Robert’s gaze dropped to the pictures.
He didn’t speak.
But he didn’t look away either.
Something in his stoic expression wavered.
Samantha softened. “Don’t be like your father, Rob. Don’t pass down another generation of silence and control.” She put the framed photo and the phone on the table and placed a gentle hand on his shoulder. “There are things far more important than the business.”
Robert inhaled sharply, closing his eyes for just a moment.
When he opened them, the anger had softened, replaced by something else, something that would irrevocably change the course of this conversation.
He was a father realizing, far too late, that he had missed the whispers of his son’s silent struggles, that the boy had been drowning long before that day in Hawaii.
“I love him,” Logan repeated. He wondered if his father even heard him—truly heard him—or if the words simply crashed against his ears, simply striking that fortified exterior and sliding off, unnoticed, like water against stone, dissolving before they could leave a mark.
“Adrian refused treatment. He is dying. And if he dies…” Logan exhaled, his breath trembling like the wind before a hurricane. “If he dies, I die too.”
His father’s expression barely wavered. A fortress, weathered and immovable. Logan had spent his whole life throwing himself against those walls, trying to carve his name into the steel of a man who never let anything in.
“You don’t understand,” Logan pressed on, the words burning his throat.
“I have already been through hell, Dad. I have drowned in it. And you didn’t notice.
Or maybe you did, and you didn’t care. Either way, I can’t—I won’t—go through that hell again.
” His voice faltered, but his stance remained unshaken.
“Adrian wouldn’t fight for himself, so I told him I’d do it for him.
I told him that if he let this thing kill him, I’d follow.
That’s how much he means to me. That’s how much I’ve already lost.”
“Logan, please.” Samantha’s voice was a threadbare whisper, barely holding together. Her fingers clung to the arm of the chair as if it were the only thing anchoring her. Her glassy eye searched his face for a place to land.
He turned to her, and for a moment, something inside him softened. She had always been the one watching from the shore, never stepping in, but always hoping he’d make it back to land. He wanted to tell her that he had—just barely—but he wasn’t sure if he believed it himself.

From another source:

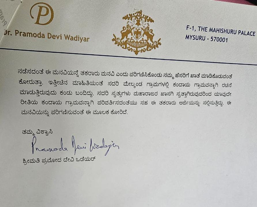 ಇತ್ತೀಚಿನ ಮಾಹಿತಿಯಂತೆ ಈ ಗ್ರಾಮಗಳಲ್ಲಿ ಕಂದಾಯ ಗ್ರಾಮಗಳಾಗಿ ರಚನೆ ಮಾಡುತ್ತಿರುವುದು ಕಂಡು ಬಂದಿದ್ದು, ಸದರಿ ಸ್ವತ್ತುಗಳು ಮಹಾರಾಜರ ಖಾಸಗಿ ಸ್ವತ್ತಾಗಿರುವುದರಿಂದ ಯಾವುದೇ ರೀತಿಯ ಕಂದಾಯ ಗ್ರಾಮವನ್ನಾಗಿ ಪರಿವರ್ತಿಸದಂತೆಯೂ ಸಹ ಈ ತಕರಾರು ಅರ್ಜಿಯನ್ನು ಸಲ್ಲಿಸುತ್ತಿದ್ದು, ಈ ಮನವಿಯನ್ನು ಪರಿಗಣಿಸುವಂತೆ ರಾಜವಂಶಸ್ಥೆ ಪ್ರಮೋದಾದೇವಿ ಒಡೆಯರ್ ಕೋರಿದ್ದಾರೆ.
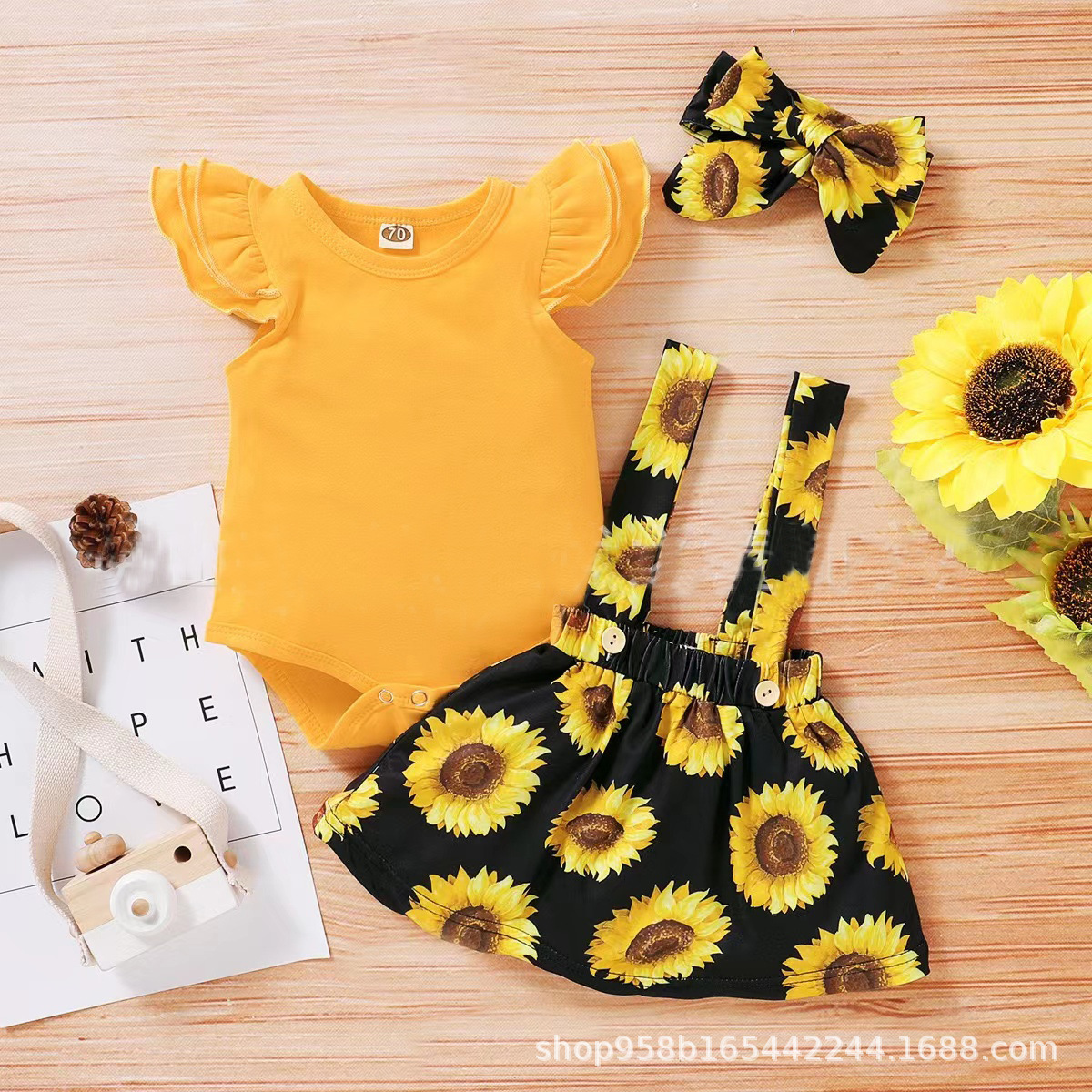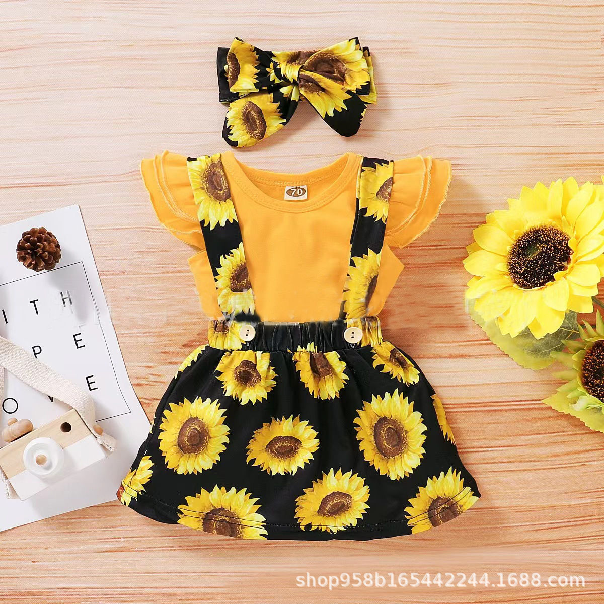 Ins 유아 쉬폰 보우 세트 해바라기 머리띠 아기 서스펜더 스커트 투피스 세트 도매 하렘 아우터스토어 가기

“It’s true, Mom,” he murmured. “I mean it.”
His father exhaled slowly and measuredly.
“You’ve always been like this,” he said, and there was something in his tone—exhaustion, perhaps, or disbelief, or the reluctant awe of someone facing down a mirror they had spent decades avoiding.

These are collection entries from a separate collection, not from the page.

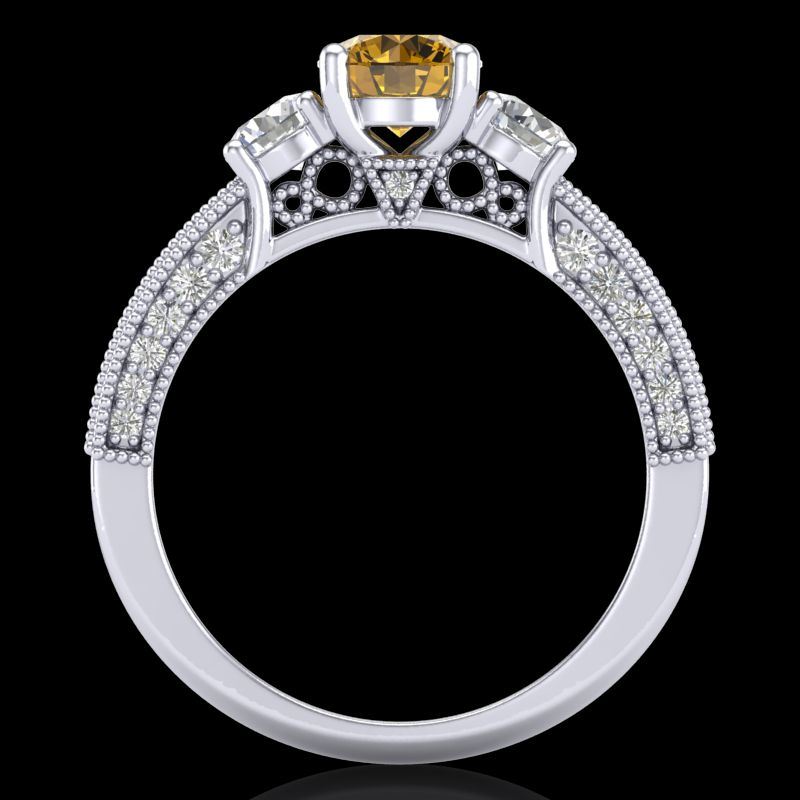 REF-254T5M -37784 ---- 2.07 CTW Intense Fancy Yellow Diamond Art Deco 3 Stone Ring 18K White Gold ---- Luxury Designer Brand 3 stone ring Appraised at $15,400 Certificate Number US37784 18k White gold, 3 stone ring Size is 7, 3 stone ring measuring approx. Uniform, weighing in total approx. 7 grams. Made in the USA and is stamped 18k, Main stone 0.77 carat total weight containing 1 pieces of Intense Fancy Yellow color with SI quality Round shape cut Diamond , Stone #2 0.53 carat total weight containing 2 pieces of H-I color with VS/SI quality Round shape cut Diamond , Stone #3 0.77 carat total weight containing 36 pieces of G-H color with VS/SI quality Round shape cut Diamond
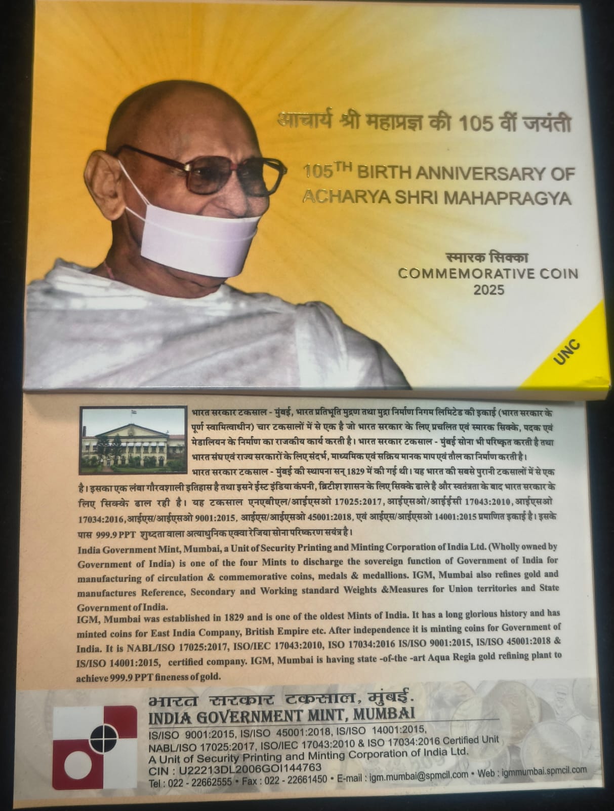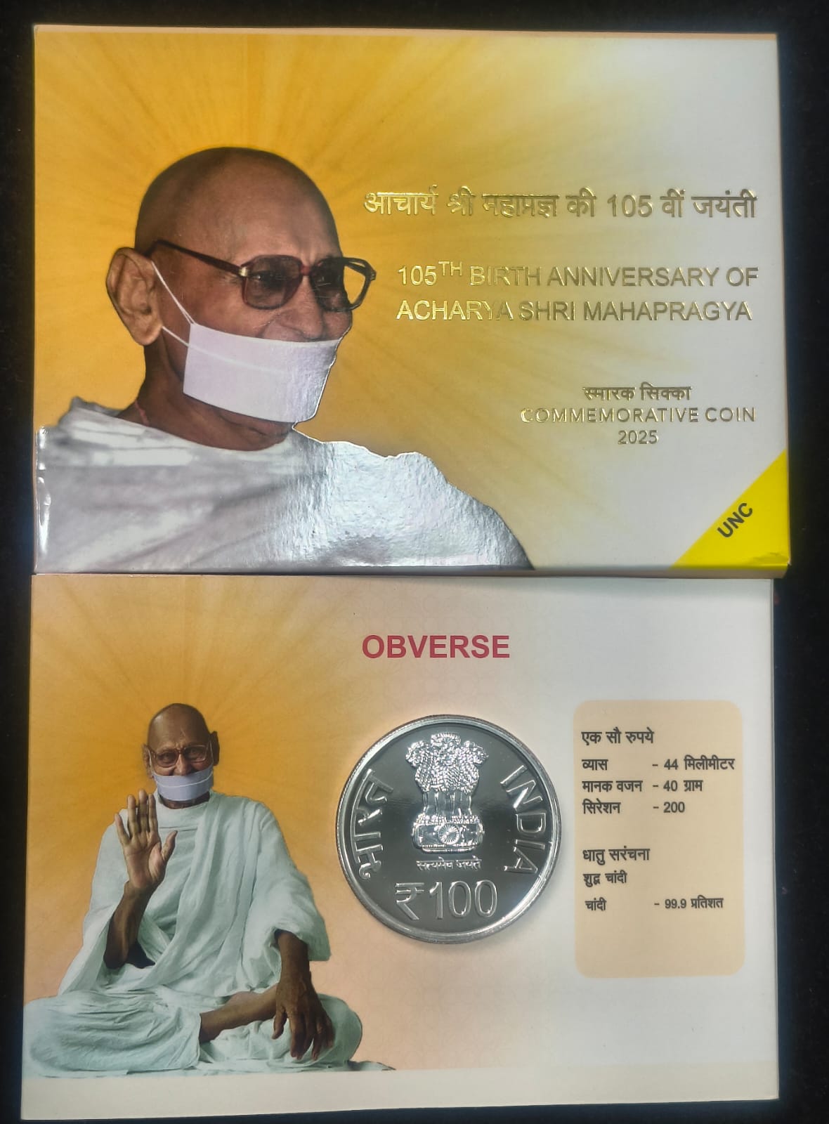 105th Birth Anniversary of Acharya Shri Mahapragya 2025 Mumbai Mint (40 Gram Silver) Rare UNC SET
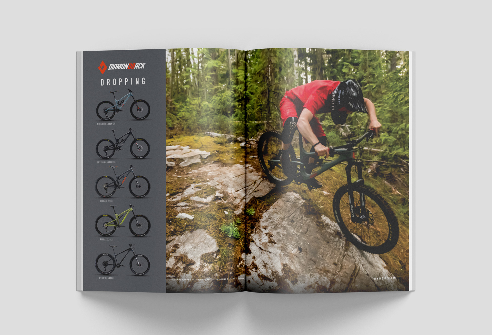 A special ad showcasing Diamondback's new Mission Carbon bikes, and three other brand new bicycles. This was printed in the back inside cover spread of Freehub Magazine, in their May 2019 Crankworx issue.
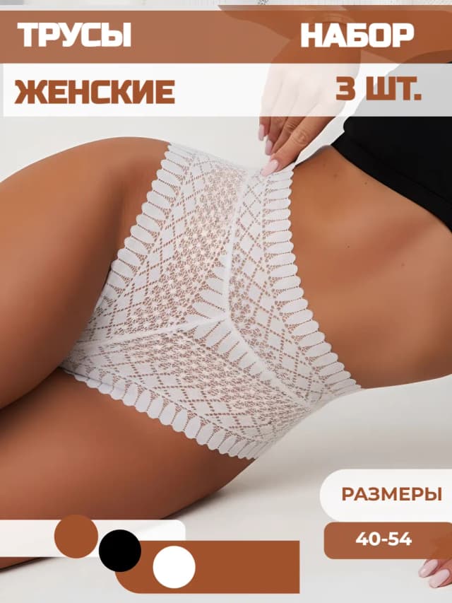 Трусы набор кружевные с высокой посадкой 3 шт
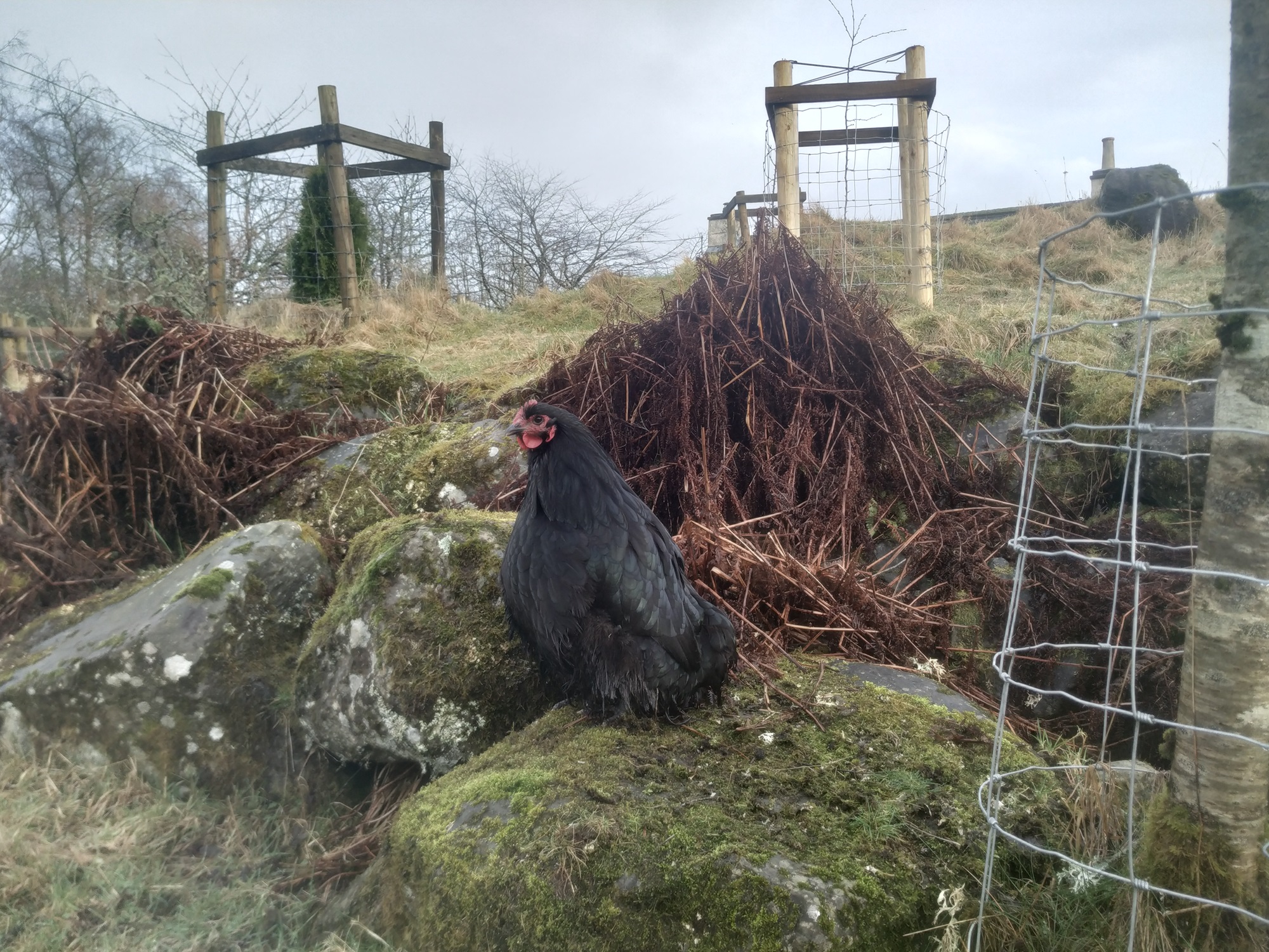 Betty’s hormones stayed with her for another week. In the evenings when we scattered corn Betty still made clucking sounds and pushed corn around with her beak. But now she is back to her old self. Animals get over things quickly, at least they appear to. We will never know what happened to Betty’s chick. Perhaps a crow swooped in and took her, but it could equally have been a sparrow hawk or a stoat, there are predators all around us. In the meantime life goes on and we will always have precious memories of Betty’s wee chick for the short time she was with us.

“All or nothing.” He looked briefly at his wife before his gaze returned to Logan, sharp as a broken shell beneath the sand.
“It’s a pattern with you. When you close a deal, it’s on your terms or not at all.

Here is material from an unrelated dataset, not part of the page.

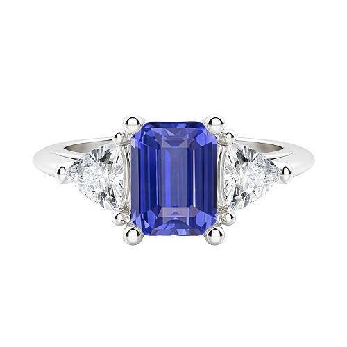 White Gold 3 Stone Ring Emerald Sapphire 2.50 Carats Trillion Natural Earth Mined Diamond
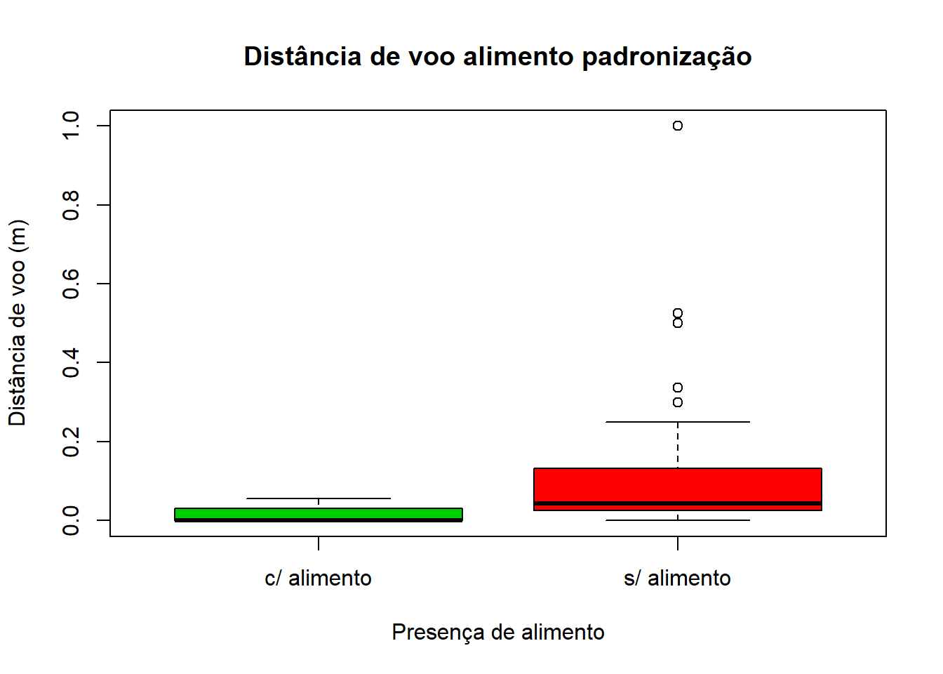 boxplot(pad~tabela$alim, xlab = "Presença de alimento", ylab = "Distância de voo (m)", main = "Distância de voo alimento padronização", col = c(3, 2))

When you left, you vanished without a word.
When you came back, you chased everything you abandoned, full speed ahead.
You threw yourself into that marriage, clawed your way up in the company, and now this.
” He gestured toward Adrian, toward the photos still glowing on the phone.
“Big or nothing. This is the next all-or-nothing.” His voice was cold but resigned.
“You’re gay, and in the span of a day, you have a boyfriend, that you’re in love with, he’s dying, and you’re willing to die for him?
” He shook his head slowly. “Just like that?
The air pulsed between them, dense with unspoken words. Logan could feel the rage begin to swell in his chest again.
“You taught me how,” he spat through gritted teeth, his voice thick with emotion.
Was the anger flickering within him, born from his father’s dismissive words?
Or was it the way his father spoke of his love for Adrian as though his absence had not inked his heart atramentous, nor planted abulia in the soil of his soul.
Perhaps, it was something more profound, his father reaching into the depths of Logan’s innermost instinct, stirring a storm beneath his skin.
“No, I didn’t,” Robert said simply. “That, son, is something you learned all by yourself.”
Logan’s breath hitched, a flicker of disbelief curling in his chest like seafoam swirling around a half-buried shell.